Educating Users/Students on Reducing Exposure to the RIAA
An anonymous reader asks: "I work for a medium-sized university (25K students), and have been asked to come up with ideas on how to reduce our exposure to the RIAA. Our head of IT gets 50 to 100 emails from the RIAA every week, complaining about IP addresses where P2P applications offer copyrighted songs for download. We don't want to firewall off P2P applications completely, we just want to get the RIAA off our backs. How do other university IT departments educate students to stop attracting the RIAA's attention? Thanks for any war stories you might be able to share !"
uh, that's gayish; you seem a little bit too eager to bend over for the RIAA.
Drugs have taught an entire generation of American children the metric system.

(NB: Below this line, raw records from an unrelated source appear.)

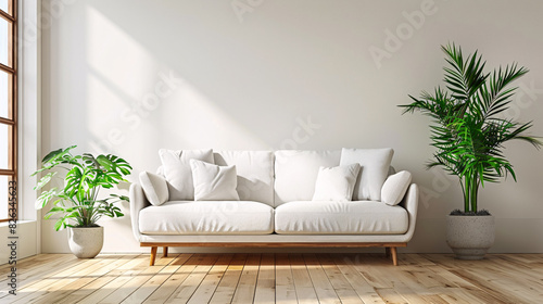 3D mockup of a modern living room with a white wall, green plants, and contemporary furniture
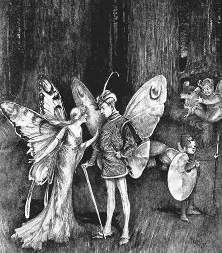 The Good Fairy. At last I am in this wood where I must save the Lady Alice from danger. How dark it seems here after the bright light of my skyey home. Surely I shall be glad to return to the courts of fairyland. Yet it is pleasant to be of service to the young and innocent, to those who are good and true. Some there are on earth who do not love the truth, who do not do the things that are honest and kind, and they must be punished. Kind and gentle deeds must be rewarded with our help.
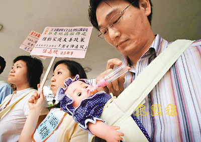 ■遊行人士背著道具嬰兒,促當局制訂男士侍產假。本報記者潘政祁 攝
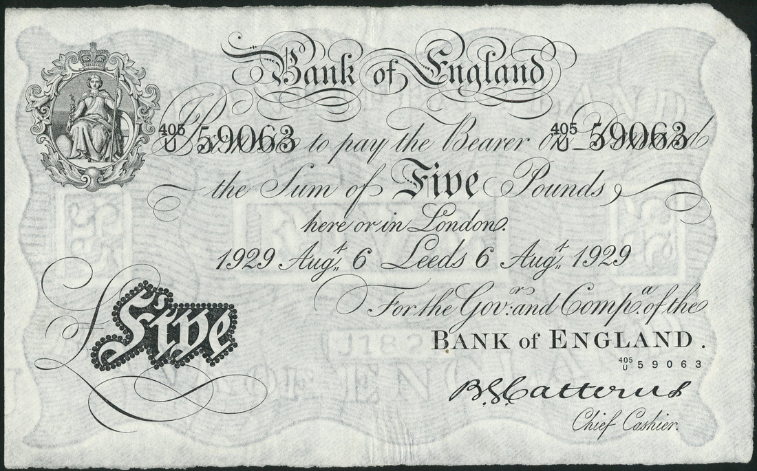 Bank of England, B G Catterns, £5, Leeds, 6 August 1929, serial number 405U 59063, black text on white paper, ornate crowned vignette of Britannia top left, value in black tablet low left
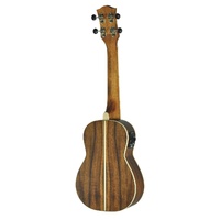 The Tiki range of ukuleles by Timberidge are fast becoming one of the chosen brands by professional uke players throughout Australia and the rest of the world. Tikis are known for outstanding craftsmanship and superior wood selection which contribute to exceptional playability and brilliant tone. The Tiki TKC-9P-NST Concert Ukulele features a solid Koa top, Koa back and sides, Rosewood fingerboard and chrome open back tuners with black buttons, superbly finished with deluxe timber binding, rosette, heel plate and back strip. The built-in Tiki UK-500T pickup provides 3-Band EQ, volume control and a chromatic LED tuner, giving you the option of plugging into an amplifier, PA system and a wide range of recording devices. The '9 Series' range of ukuleles come complete with a Deluxe Tiki Paisley hard case. BRAND: TIMBERIDGE TIKI MODEL: TKC-9P-NST INSTRUMENT: ELECTRIC UKULELE SIZE: CONCERT COLOUR: NATURAL SATIN DEXTERITY: RIGHT STRINGS: 4 STRING TOP: SOLID KOA BACK / SIDES: KOA NECK: MAHOGANY FINGERBOARD: ROSEWOOD BRIDGE: ROSEWOOD BRIDGE SADDLE: 52 mm SCALE LENGTH: 15 INCHES NUT WIDTH: 35 mm MACHINE HEADS: TIKI PICKUP SYSTEM: TIKI UKT-500T BUILT IN TUNER: Y FRETS: 16 WARRANTY: 2 YEARS INCLUDES CASE: TIKI PAISLEY BROWN CASE LENGTH: 620 mm DEPTH: 75 mm UPPER BOUT: 155 mm LOWER BOUT: 20 5 mm WEIGHT: 0.5 kg
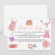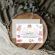 Um adorável cartão de pedido de livro para chá de bebê boho clothesline. Os visitantes são convidados a trazer um livro infantil novo ou usado em vez de um cartão.
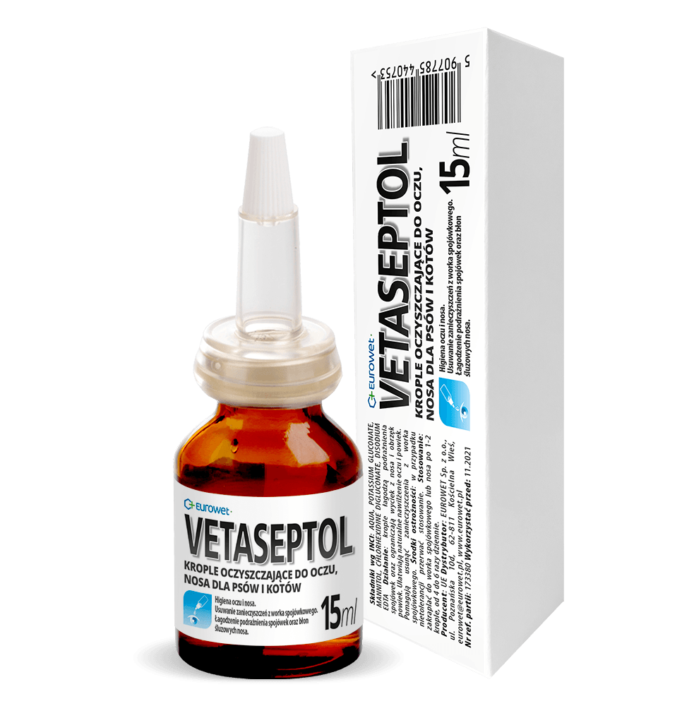 EUROWET Vetaseptol krople 15ml to specjalistyczny preparat stworzony z myślą o higienie oczu i nosa u psów i kotów. Krople skutecznie pomagają usuwać zanieczyszczenia z worka spojówkowego, jednocześnie łagodząc podrażnienia spojówek oraz błon śluzowych nosa. Dzięki swoim właściwościom preparat ogranicza wyciek z nosa, redukuje obrzęk powiek i wspiera naturalne nawilżenie oczu oraz powiek. Vetaseptol to niezastąpione wsparcie w codziennej pielęgnacji wrażliwych okolic oczu i nosa u zwierząt domowych.
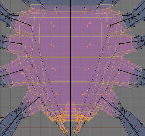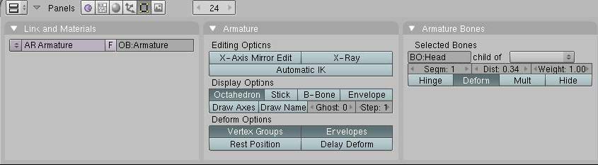One last thing, with all the newly extruded Bones selected, go into the editbutton -> armature Bones panel and toggle all deform buttons of (one for each bone). Do the same for the root bone and the abdomen bone, since they Will not move any vértices at all.
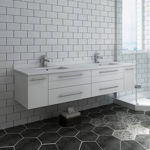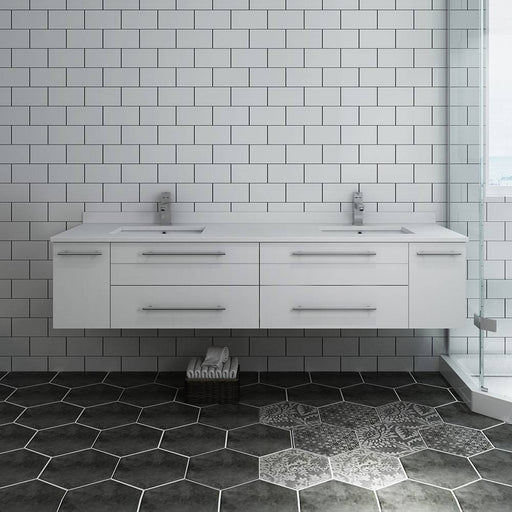 View full detailsFresca FCB6172WH-UNS-D-CWH-U Lucera 72" White Wall Hung Modern Bathroom Cabinet with Top & Double Undermount Sinks

Let me get this straight. Your students are using your network to commit a crime. (My point here has nothing to do with whether it should be illegal, the point is, it IS illegal.) As an administrator and employee for your univiersity, you are now going around asking people how to help your students commit the crime without getting caught. I just have one question: does your employees realize they have a walking, talking big-ass-lawsuit magnet working for them? If you worked for me, my only hope to mitigate the damage to the university is to be able to say (during discovery) that I fired your ass the second I heard about it, and called every other employee in and told them why I fired you and made it clear, in writing, anyone else tries to pull the same stupid stunt they will be the next to join the unemployent lines.